Science Museum Group staff vote to strike in pay dispute

Geraldine Kendall Adams, 11.07.2019
Industrial action could take place during busy summer season
A large number of staff could strike at six Science Museum Group (SMG) sites during the upcoming summer season in a dispute over pay.

SMG employees were balloted by the Prospect Union on industrial action after receiving a pay increase of 1.5% in the current financial year. Almost 80% of those who voted were in favour of a strike.

Prospect representatives are now planning to meet with SMG management in an effort to resolve the dispute. In a statement, the union said that if the issue is not resolved “action is expected to take place during the busy summer period”.

The walkout could involve "several hundred" staff from all areas of the organisation, a Prospect spokesman said, including curators, conservators and those working in collections and exhibitions, library and archive, visitor experience, research, estates and education. 

The SMG has put the number at around 180 staff, representing 15% of its total workforce. 

Prospect’s negotiations officer, Sharon Brown, said: “This is a very strong result in favour of industrial action and shows the strength of feeling within the SMG. Our members in SMG love what they do but they cannot carry on with year after year of real terms pay cuts.

“People will be astonished at how poorly [the SMG's] staff are paid, especially when they see that the director has seen his pay increase by a third in just four years. At the bottom of the pay scale workers are not even earning the Real Living Wage.

“SMG management need to sit down with us and come up with a fair offer so we can end this dispute and get on with delivering world class attractions.”

A spokeswoman from the SMG said: “We are disappointed by the outcome of Prospect Union’s ballot and will seek to minimise any disruption to the public’s enjoyment of our museums should the union decide to go ahead with industrial action. 

“Our pay offer included a 6.9% increase for the lowest paid employees as part of a settlement that saw all employees receive an increase of at least 1.5%. Overall the settlement represents a 2.7% increase in salary costs, which we believe was a reasonable offer, given the challenging overall financial picture.”

The SMG said 23% of the staff involved in the settlement had received a 6.9% pay increase.

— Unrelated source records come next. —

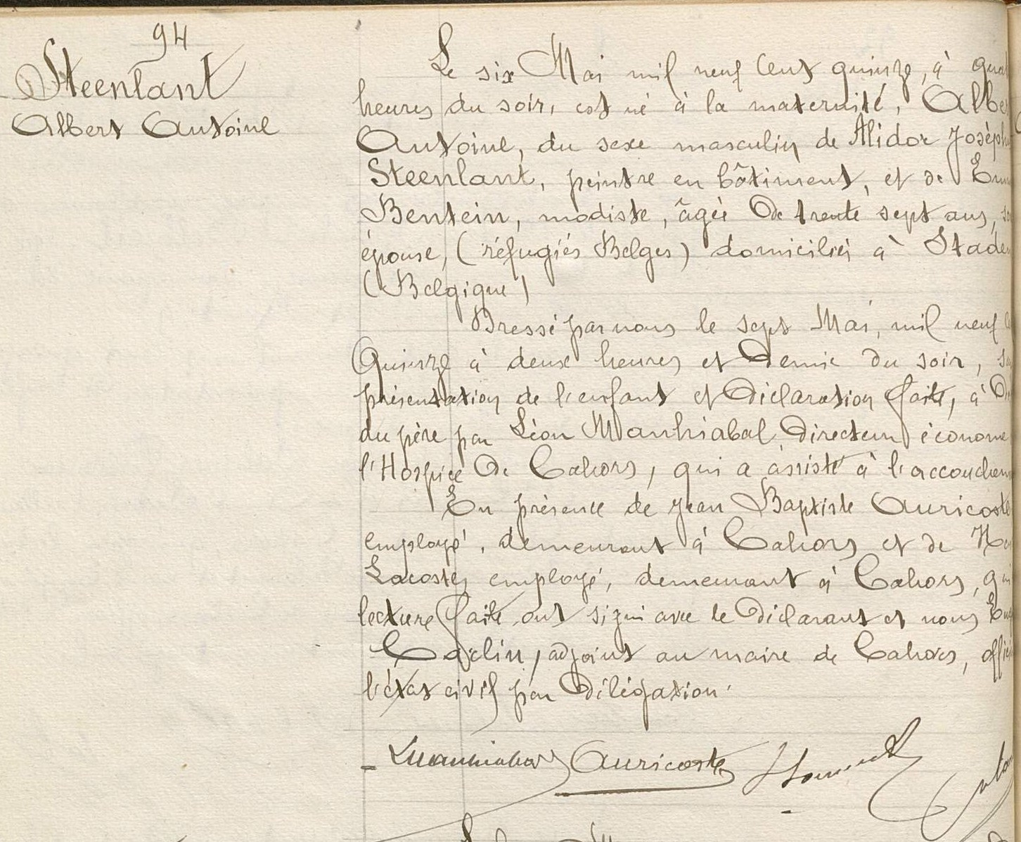 Zoon Steenlant Albert Antoine werd tijdens hun verblijf in Frankrijk geboren op 06/05/1915 in Cahors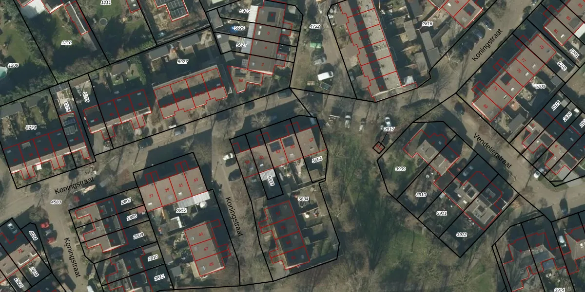 Het perceel waarop Koningstraat 65 staat heeft een oppervlakte van 1081 m². Dit is een zeer groot perceel. De perceeloppervlakte wordt geregistreerd door het Kadaster. Gedetailleerde informatie over de maten van dit perceel kunt u vinden in het rapport Kadastrale kaart met maatvoering van Koningstraat 65.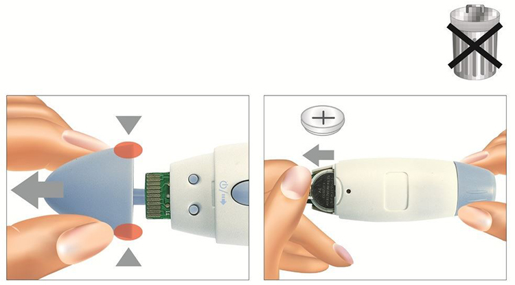 Cách thay pin: Nhiệt kế có một pin lithium đã được lắp đặt sẵn khi sản xuất. Khi biểu tượng hết pin được hiển thị trên màn hình LCD, hãy thay pin cho máy theo các bước sau:

The organisation also highlighted other enhancements that have been made to employee benefits over the past year, including additional pension investment, interest-free loans and a career break scheme. 

The Prospect spokesman said that SMG pay rates “are some of the lowest across the sector and this is the biggest reason for high staff turnover”. According to the union, employees received an average pay increase of 1.6% annually between 2014-18. 

The timetable and make-up of industrial action will be decided in due course pending the outcome of talks between SMG management and the union. 

The six sites that would be affected by industrial action are the Science Museum and Blythe House in London; the National Science and Media Museum in Bradford; the Museum of Science and Industry in Manchester; the National Railway Museum in York; and the National Collections Centre in Wroughton, Wiltshire.